Very true, unfortunately there's no password strong enough to stop Malaysian Airlines ground crew from loading a pallet full of Mossad-rigged walkie talkies on my flight from Kuala Lumpur to Beijing via conveniently-placed-NATO-AWACS-infested airspace.

2FA isn't going to protect me from cruising altitude walkie talkie detonation and having the debris scattered over an impossibly wide area.

I guess the best thing to do is not take an airline of a country that has recently showed public support for Gaza specifically during a humanitarian visit in the months prior to my flight.

Thankfully none of this is true and everything the mainstream media and governments tell us are true - imagine if things weren't as they seemed?.. Craziness... Back to my password manager!

hackernewscunts - 27 minutes ago

"If your adversary is Hamas (2023)"

impossiblefork - 5 hours ago

The Mossad part is a very silly element of the text. Many organizations have to defend against US intelligence, Israeli intelligence etc., and I'm sure, that they, with the exception of some very terrible countries with a lot of incompetence or full of disloyal people likely to become infiltrators, are quite successful.

Actual security is possible even against the most powerful and determined adversaries, and it's possible even for you.

optimalsolver - 5 hours ago

I think fighting Israel is kind of a glimpse into what trying to fight a malevolent AGI will be like.

Expect to lose in highly surprising ways.

gjvc - 4 hours ago

this guy's stuff reads like word salad and people lap it up. I've never understood why.
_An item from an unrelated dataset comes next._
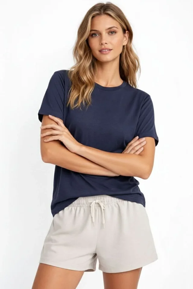 Osy Modal Yumuşak Dokulu Kumaş Bisiklet Yaka T-shirt – İndigo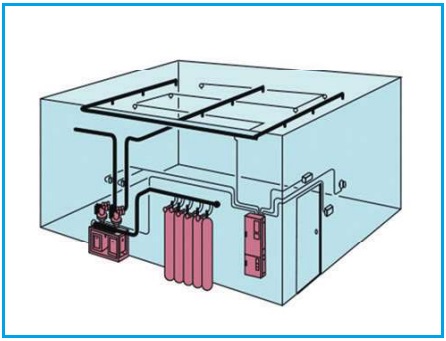 ⑴ 전역방출방식 : 방호구역 전체에 소화약제를 방출하는 방식

realFredWilson - 5 hours ago

[flagged]

lifestyleguru - 5 hours ago

Then how it's possible Mossad didn't know about what had happened on 7 October 2023?

torginus - 4 hours ago

If your adversary is a state intelligence agency, you're probably a high ranking politician and a boomer who is clueless about computers, and has demonstrably terrible opsec, either through government incompetence of your own agencies, or not following the terribly cumbersome opsec procedures, either because of inconvenience, the policies being terrible or sheer incompetence.

The amount of examples we've seen of this is staggering.